[RECORDS SHOWN Boundary: Start]
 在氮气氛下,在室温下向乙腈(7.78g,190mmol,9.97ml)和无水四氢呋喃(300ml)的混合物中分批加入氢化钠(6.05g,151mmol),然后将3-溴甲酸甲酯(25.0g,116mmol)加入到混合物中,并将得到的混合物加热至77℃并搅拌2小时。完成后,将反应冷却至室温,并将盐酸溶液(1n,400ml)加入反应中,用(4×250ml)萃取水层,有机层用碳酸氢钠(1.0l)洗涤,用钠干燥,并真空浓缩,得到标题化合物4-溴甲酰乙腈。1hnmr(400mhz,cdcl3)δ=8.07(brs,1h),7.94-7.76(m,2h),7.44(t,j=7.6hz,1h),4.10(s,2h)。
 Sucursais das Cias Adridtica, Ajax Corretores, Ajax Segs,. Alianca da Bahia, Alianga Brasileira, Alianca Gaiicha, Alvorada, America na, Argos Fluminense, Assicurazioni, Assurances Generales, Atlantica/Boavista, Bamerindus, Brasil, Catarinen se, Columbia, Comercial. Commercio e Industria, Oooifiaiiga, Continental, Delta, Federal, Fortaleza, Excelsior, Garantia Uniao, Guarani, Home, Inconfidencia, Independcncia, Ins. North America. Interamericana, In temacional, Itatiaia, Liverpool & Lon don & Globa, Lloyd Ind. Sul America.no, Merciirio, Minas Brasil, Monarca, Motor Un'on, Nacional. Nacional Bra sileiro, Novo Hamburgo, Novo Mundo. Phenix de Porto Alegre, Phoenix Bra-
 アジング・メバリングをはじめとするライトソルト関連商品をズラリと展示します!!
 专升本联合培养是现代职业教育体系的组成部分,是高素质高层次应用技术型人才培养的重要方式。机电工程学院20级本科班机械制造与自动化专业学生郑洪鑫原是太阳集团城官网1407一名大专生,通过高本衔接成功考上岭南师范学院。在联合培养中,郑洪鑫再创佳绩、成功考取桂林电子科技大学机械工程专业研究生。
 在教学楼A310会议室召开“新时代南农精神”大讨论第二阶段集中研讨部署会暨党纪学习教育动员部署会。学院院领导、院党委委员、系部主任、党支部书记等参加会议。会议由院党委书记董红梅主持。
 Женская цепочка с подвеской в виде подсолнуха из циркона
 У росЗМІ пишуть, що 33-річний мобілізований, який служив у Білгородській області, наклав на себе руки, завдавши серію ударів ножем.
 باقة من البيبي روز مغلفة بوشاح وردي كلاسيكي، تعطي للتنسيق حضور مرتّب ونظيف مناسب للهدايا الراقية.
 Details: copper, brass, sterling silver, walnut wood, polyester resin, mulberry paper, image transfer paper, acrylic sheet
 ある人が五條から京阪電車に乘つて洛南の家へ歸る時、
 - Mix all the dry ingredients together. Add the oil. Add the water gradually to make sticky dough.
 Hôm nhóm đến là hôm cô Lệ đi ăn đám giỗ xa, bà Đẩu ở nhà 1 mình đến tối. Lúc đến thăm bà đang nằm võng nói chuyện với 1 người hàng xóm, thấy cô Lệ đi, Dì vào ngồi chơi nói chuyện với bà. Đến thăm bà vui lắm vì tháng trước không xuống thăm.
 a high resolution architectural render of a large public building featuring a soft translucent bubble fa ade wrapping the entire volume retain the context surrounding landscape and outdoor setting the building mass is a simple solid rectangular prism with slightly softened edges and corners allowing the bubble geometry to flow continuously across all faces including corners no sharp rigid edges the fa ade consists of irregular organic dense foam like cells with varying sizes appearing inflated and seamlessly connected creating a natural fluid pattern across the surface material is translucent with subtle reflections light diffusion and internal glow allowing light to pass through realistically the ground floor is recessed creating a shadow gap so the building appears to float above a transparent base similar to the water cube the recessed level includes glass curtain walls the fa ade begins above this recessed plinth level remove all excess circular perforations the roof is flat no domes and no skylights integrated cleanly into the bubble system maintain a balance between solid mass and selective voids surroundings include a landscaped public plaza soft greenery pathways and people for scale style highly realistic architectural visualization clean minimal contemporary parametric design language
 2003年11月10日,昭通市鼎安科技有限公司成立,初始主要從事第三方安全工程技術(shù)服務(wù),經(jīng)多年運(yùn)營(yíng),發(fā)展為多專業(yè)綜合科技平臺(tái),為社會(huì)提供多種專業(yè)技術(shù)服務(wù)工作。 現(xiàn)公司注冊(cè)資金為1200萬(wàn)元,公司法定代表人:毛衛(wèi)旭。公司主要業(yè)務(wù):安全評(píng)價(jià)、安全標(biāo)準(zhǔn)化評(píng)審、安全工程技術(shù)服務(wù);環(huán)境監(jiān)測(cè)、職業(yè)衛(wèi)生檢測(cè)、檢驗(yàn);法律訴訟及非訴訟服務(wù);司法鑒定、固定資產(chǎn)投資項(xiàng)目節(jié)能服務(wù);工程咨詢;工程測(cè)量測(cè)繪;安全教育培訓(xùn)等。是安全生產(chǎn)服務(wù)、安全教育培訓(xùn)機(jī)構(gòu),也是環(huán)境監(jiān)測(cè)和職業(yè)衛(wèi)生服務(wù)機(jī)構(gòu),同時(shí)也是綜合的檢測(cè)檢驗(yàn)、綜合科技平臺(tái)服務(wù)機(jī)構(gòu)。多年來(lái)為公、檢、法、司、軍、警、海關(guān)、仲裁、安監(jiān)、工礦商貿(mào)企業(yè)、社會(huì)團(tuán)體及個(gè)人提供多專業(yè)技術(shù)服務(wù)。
[RECORDS SHOWN Boundary: End]
Given the data above, transcribe exactly the lines from the one containing "باقة من البيبي" down to the one containing "a high resolution", and no others.

## PROBLEM SOLUTION
 باقة من البيبي روز مغلفة بوشاح وردي كلاسيكي، تعطي للتنسيق حضور مرتّب ونظيف مناسب للهدايا الراقية.
 Details: copper, brass, sterling silver, walnut wood, polyester resin, mulberry paper, image transfer paper, acrylic sheet
 ある人が五條から京阪電車に乘つて洛南の家へ歸る時、
 - Mix all the dry ingredients together. Add the oil. Add the water gradually to make sticky dough.
 Hôm nhóm đến là hôm cô Lệ đi ăn đám giỗ xa, bà Đẩu ở nhà 1 mình đến tối. Lúc đến thăm bà đang nằm võng nói chuyện với 1 người hàng xóm, thấy cô Lệ đi, Dì vào ngồi chơi nói chuyện với bà. Đến thăm bà vui lắm vì tháng trước không xuống thăm.
 a high resolution architectural render of a large public building featuring a soft translucent bubble fa ade wrapping the entire volume retain the context surrounding landscape and outdoor setting the building mass is a simple solid rectangular prism with slightly softened edges and corners allowing the bubble geometry to flow continuously across all faces including corners no sharp rigid edges the fa ade consists of irregular organic dense foam like cells with varying sizes appearing inflated and seamlessly connected creating a natural fluid pattern across the surface material is translucent with subtle reflections light diffusion and internal glow allowing light to pass through realistically the ground floor is recessed creating a shadow gap so the building appears to float above a transparent base similar to the water cube the recessed level includes glass curtain walls the fa ade begins above this recessed plinth level remove all excess circular perforations the roof is flat no domes and no skylights integrated cleanly into the bubble system maintain a balance between solid mass and selective voids surroundings include a landscaped public plaza soft greenery pathways and people for scale style highly realistic architectural visualization clean minimal contemporary parametric design language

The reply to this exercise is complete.